A stuffy nose, a sinus headache, sneezing, coughing, a scratchy throat: no, it’s not a cold, it’s seasonal allergies. If you’re like me, the last thing you want to do is take medication for your hay fever, and while there are numerous home remedies for allergies, did you know yoga can help too?
As Dr. Baxter Bell, a medical acupuncturist and yoga instructor, points out, when we have allergies, we become irritated and annoyed. That goes without saying, but Dr. Bell also notes that when we experience stress, the immune system doesn’t run as well as it should. “Doing something that lets you unwind, like yoga, can help quiet your body’s fight-or-flight response, in turn quieting allergies,” he says. If you want to incorporate yoga into your allergy-fighting regimen, here are five poses that fight seasonal allergies.
1. Warrior 1
Any pose that opens the heart center like Warrior 1 helps to drain mucus from the lungs. Stand with your feet together, your arms at your sides. Inhale and step your feet wide apart. Breathe normally as you raise your arms above your head, palms facing each other and arms shoulder-width apart.

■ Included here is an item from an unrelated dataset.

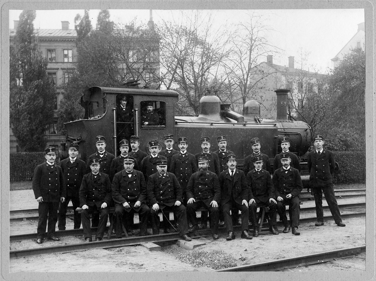 Statens Järnvägar, SJ U 599. Personal vid Stockholm Södra. I förarhytten lokeldare Korsner och stationskarl Höglund.

Exhale and turn your right foot out 90 degrees, so it’s pointing toward the top of your mat. Shift your left (now back) leg, so it’s at a 45-degree angle to the right. It should be pointing to the side of your mat. Rotate the hips on the next exhale and face toward your right leg. Allow the right knee to bend gently and hold this position for up to 10 steady breaths. Repeat these steps for the left side.
2. Half-moon pose
This pose opens the ribcage and lungs to encourage healthier breathing. Go into triangle pose on your right side, with your right foot pointed forward and your left foot at a 45-degree angle to it, just as in Warrior 1. Your right hand should be on or near the ground by your right toes. Use a yoga block to support this pose if you need to.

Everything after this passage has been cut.